Beautiful, hearty, soup–rustic in flavor and perfect to take the chill out of a winter day or night. I love soup as a meal. Just mix with salad and crusty bread and you’re good to go; it’s so satisfying. If you’re looking for a vegetarian meal, take out pancetta. If you don’t care, leave it in because it adds a real bite to the soup. Of course, by now you have an immersion blender but if you still haven’t gotten one, you’ll use the blender.

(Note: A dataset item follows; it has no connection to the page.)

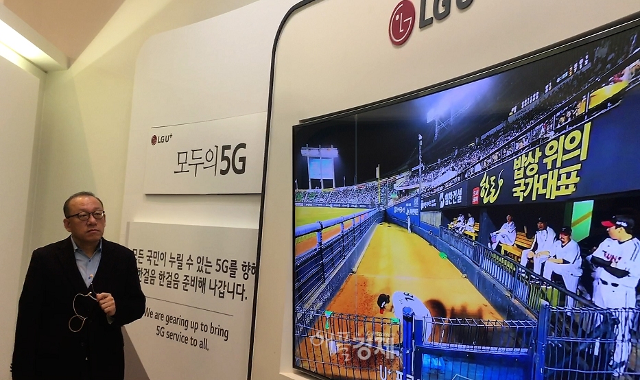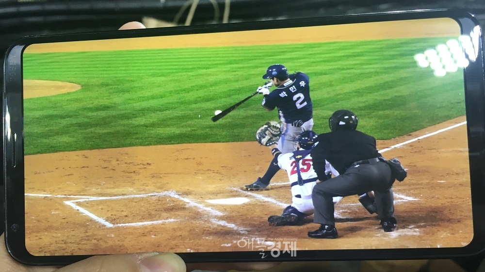 LG유플러스가 지난 10월17일 서울 잠실 야구장에서 별도의 부스를 마련해 시연한 '5G 프로야구 생중계 서비스'도 선보였다. 이 서비스는 프로야구 경기를 기존 프로야구 앱 서비스보다 6배 이상 선명한 고화질 영상으로 즐길 수 있다.

I always suggest the Le Creuset dutch oven because it is the best pot for preparing winter favorites such as soup and stews, and it’s the best pot I’ve ever found for braising meats. I have one in Colorado and one in New York and wouldn’t dream of cooking without it. The Le Creuset distributes the heat slowly and evenly, ensuring picture perfect results almost every time. If you’re getting married, register for one. If you’re a mother, ask for one for Mother’s Day! It’s a perfect gift…and I’m not even being paid by the company!
1/4 cup olive oil
4 ounces chopped pancetta (it’s available in almost all supermarkets, chopped in a 4 oz. package)
1/2 yellow onion, chopped
1 carrot, chopped
1 stalk celery, chopped
4 cloves garlic, minced
3 cans ( 15 oz.) cannellini beans, drained and rinsed
5 cups chicken (or vegetable) broth
3/4 tsp. finely chopped thyme (fresh)
1/2 cup grated Parmigiano-Reggiano cheese (parmesan cheese)
Kosher salt and freshly ground black pepper
In a large Dutch oven pot (Le Creuset) over medium heat, warm 2 tbsp. olive oil. Cook pancetta for about 5 minutes. Add onion, carrots and celery and cook for about 10 minutes until soft. Add garlic, and cook for another minute. Add beans, broth and thyme, and simmer over low heat for about 15 minutes. Off the heat, puree with immersion blender until smooth. Stir in cheese if you’d like, and then salt and black pepper. I add a pinch of red pepper flakes, but it’s totally optional.
So simple, so elegant, so delicious.